The 5-speed actually looks the most sensible way to do it:
42.4​ 50.3​ 63.7​ 80.8​ 95.5​ 
I assume any Brompton dealer could quote me a price for an upgrade from SA 3-speed to 5-speed?


----------



## Rohloff_Brompton_Rider (2 Aug 2013)

No, the 5 speed isn't available anymore....hence me sending you pete's number, he deals in second hand b's.


----------



## CopperBrompton (2 Aug 2013)

Yeah, I emailed him but no reply


----------



## rualexander (2 Aug 2013)

5 speed Sturmey hubs are still in production.
Have a look at www.sturmey-archer.com/


----------



## CopperBrompton (2 Aug 2013)

Thanks, do you know which of those is the one Brompton fitted?


----------



## rualexander (2 Aug 2013)

No, sorry I don't know which if any of the current models were used by Brompton.
Best bet for an upgrade would be the x-rf5(w) which according to Sheldon Brown's gear calculator gives a range of 25 to 64 gear inches, using a 50 tooth chainring and a 20 tooth sprocket.
The 119mm over locknut version would probably be the one to fit a Brompton.


----------



## CopperBrompton (3 Aug 2013)

Ok, thanks. That one would be too low for me with that particular setup - I currently have 47/63/84 and am looking to get a little lower and somewhat higher.


----------



## Rohloff_Brompton_Rider (3 Aug 2013)

Trikeman said:


> Yeah, I emailed him but no reply


Sorry, forgot to say..he's on holiday...oops.


----------



## Rohloff_Brompton_Rider (3 Aug 2013)

rualexander said:


> 5 speed Sturmey hubs are still in production.
> Have a look at www.sturmey-archer.com/


Yeah, I meant already built wheels, sorry I should have been clearer.


----------



## CopperBrompton (3 Aug 2013)

bromptonfb said:


> Sorry, forgot to say..he's on holiday...oops.


 
Ah, ok :-)


----------



## rualexander (3 Aug 2013)

Trikeman said:


> Ok, thanks. That one would be too low for me with that particular setup - I currently have 47/63/84 and am looking to get a little lower and somewhat higher.
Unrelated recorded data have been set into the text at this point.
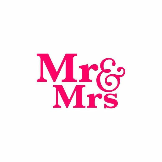 Mr. & Mrs. Handwriting stencil. Design size is 2.37 x 2.55″. Overall stencil size is approximately 5.5″ x 5.5″. PINK sections in image are the open sections. Stencils are 5mil Food Grade plastic, washable and reusable.Made by the Cookie Countess.
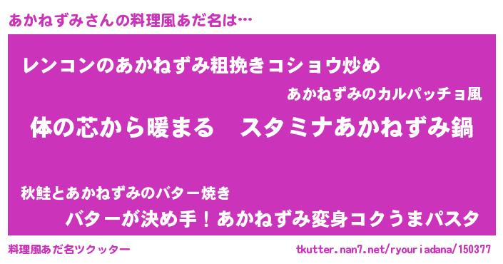 | 女子向けラノベタイトル風あだ名 | 『あかねずみの雑貨屋さん』 |
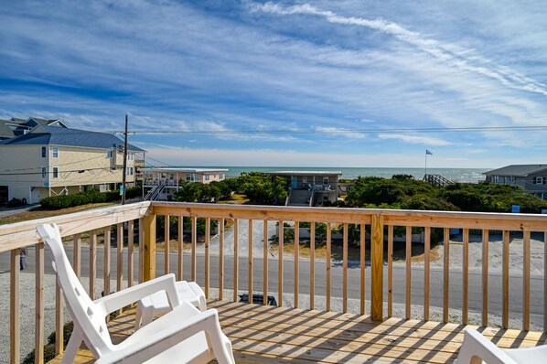 ⊚ View & Beach access: Step out onto any of our decks and enjoy views of the ocean. While not directly on the oceanfront, this beach house boasts a fantastic view from its second-row location. You can also stroll out onto the beach from the public beach access across the street! Enjoy coffee on the hammock and take in the sunrise while watching dolphins play in the surf.
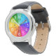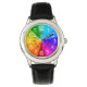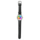 This colourful custom watch makes it easy for kids to learn how to tell time! Choose from a variety of genuine leather straps and bezel options. Our large, easy to read numbers are labelled "White Hours" and "Black Minutes" - the hands on most options are also labelled "hours" and "minutes" making it easy for kids to learn how to use the hands on a clock or watch to tell time. Great for kids in school, who love to draw or like art class as well as rainbows! Genuine stainless steel case, Japanese Quartz movement (accurate and durable), genuine leather strap, and 30 metre water resistance (water splashes, hand washing and rain - DO NOT swim or shower with this watch on).
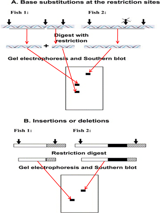 (1)定义:以限制性片段长度多态性 (restriction fragment length polymorphism)作为分子标记,是发展最早的分子标记技术,该标记通过限制性内切酶酶切不同个体基因组DNA之后,采用Southern杂交技术获得含有与探针序列同源的酶切片段长度上的差异,进而开展多态性分析。
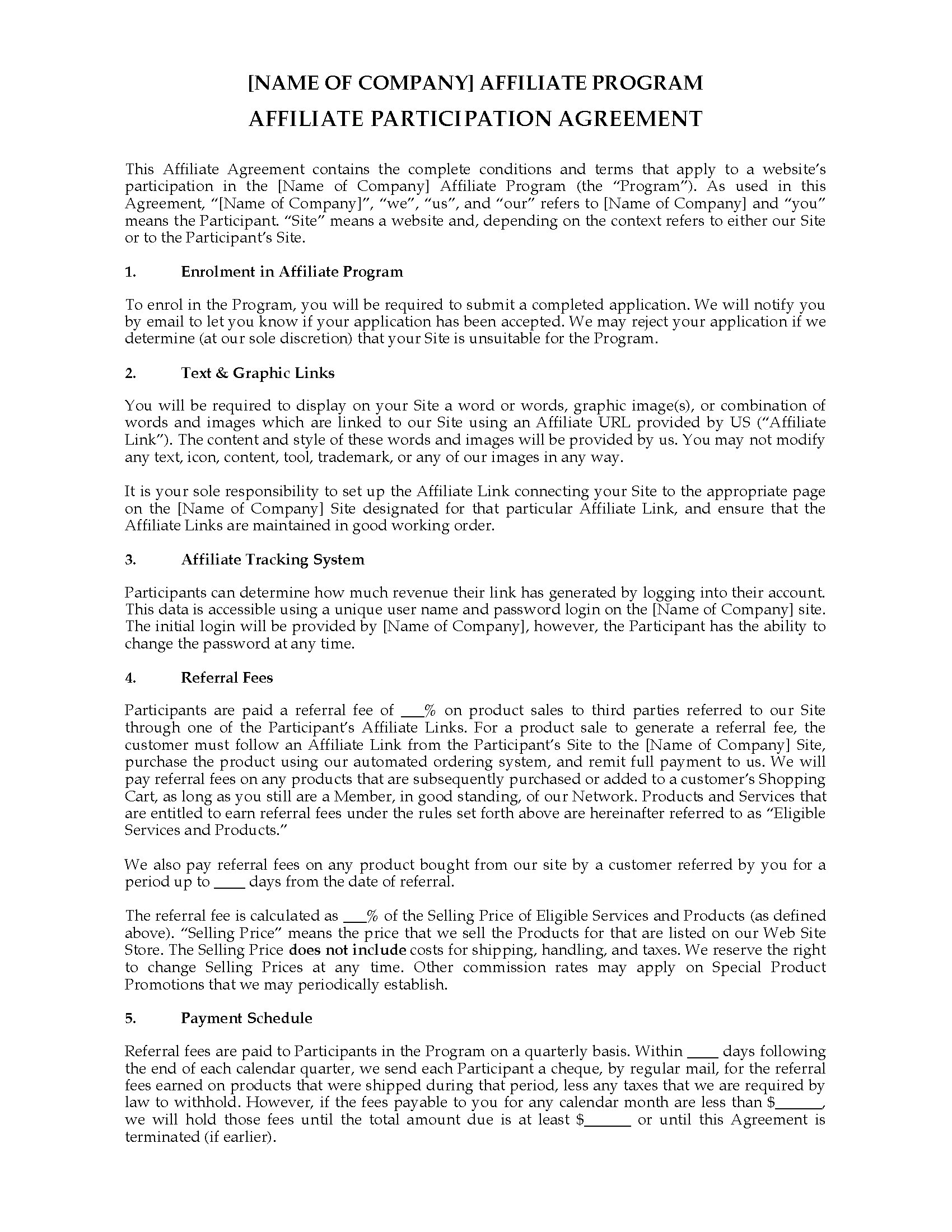 - The template can be converted to html and posted online to be read and agreed to by affiliates when they sign up for the program.
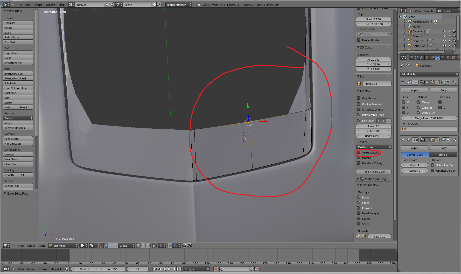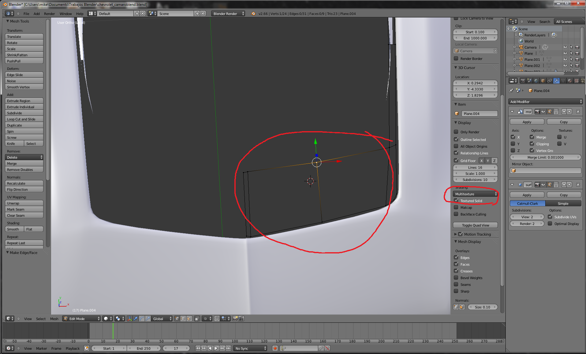 Hola compañeros, tengo un problema / consulta, estoy modelando un carro y utilizo los Blueprints de referencia es por eso que utilizo la opción de Shading > Multitexture > Textured Solid, pero he observado una parte de la malla parece.
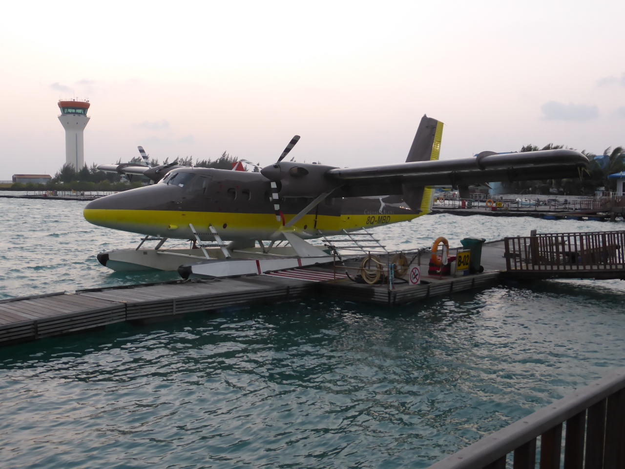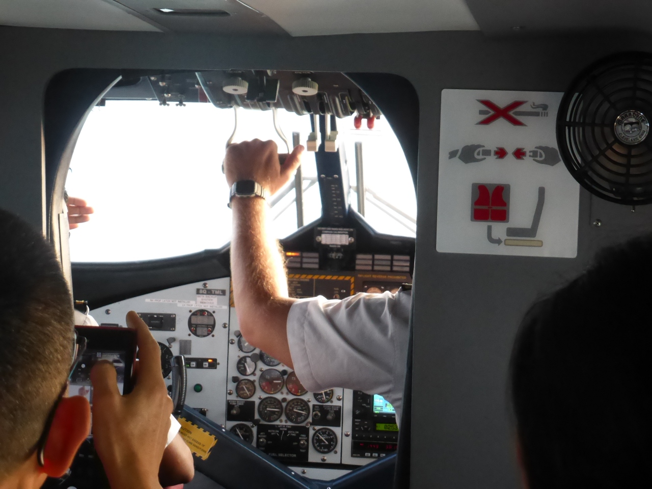 モルディブの空港島からフィリテヨまで往復しました。国内線の水上小型機です。キャプテン、副操縦士のほかにクルーが3人ほど乗り込んでいます。
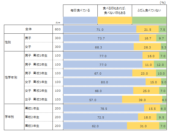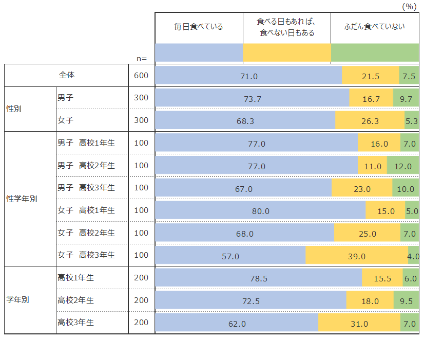 全体の平均をみると、「毎日食べている」高校生は71.0%であり、2017年度調査の中学生が朝食を「決まった時間に食べている」(≒毎日食べている)割合が86.3%であるのに対して減少していることがわかる。2018年度の小学生白書の調査結果が92.2%であることからも、小学生から進学するにつれて朝食をとる習慣が少しずつなくなっていく傾向が見受けられる。
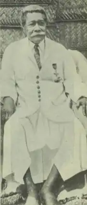 He was appointed an honorary Officer of the Order of the British Empire in the 1935 King's Birthday and Silver Jubilee Honours, and was invested in February 1936,[5] but died a few weeks later after a long illness.[1] He was buried at Mulinu'u in the burial ground housing the royal tombs of the Tama-a-Aiga, Samoa's highest chiefs.[1]
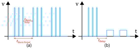 It is rare that any application needs only one voltage pulse to be delivered to the load. Rather, voltage pulses are delivered in series through a train of pulses with different numbers and repetition frequencies, which can be combined into different shapes to obtain a better effect. Figure 9 shows voltage pulses divided into many trains of pulses with the same pulse parameters and with delay time inserted in the first part; the second part shows trains of pulses that share the same parameters in the same group and have different parameters in the second group.

Ok, well you'd just have to change your chainring and/or sprocket size then.
For example, a 50 tooth chainring and 14 tooth sprocket would give you a range of 36 - 92 gear inches, or with a 13 tooth sprocket 38.6 - 98.9 gear inches.
Sheldon Brown gear calculator is here http://sheldonbrown.com/gears/
Note, the Sturmey Archer 5 speed x-rf5(w) seems to 36 holes so you probably need to change the rim too.


----------



## CopperBrompton (3 Aug 2013)

The Sheldon and Brompton calculators seem to give totally different results <Confused>


----------



## Night Train (6 Aug 2013)

rualexander said:


> Note, the Sturmey Archer 5 speed x-rf5(w) seems to 36 holes so you probably need to change the rim too.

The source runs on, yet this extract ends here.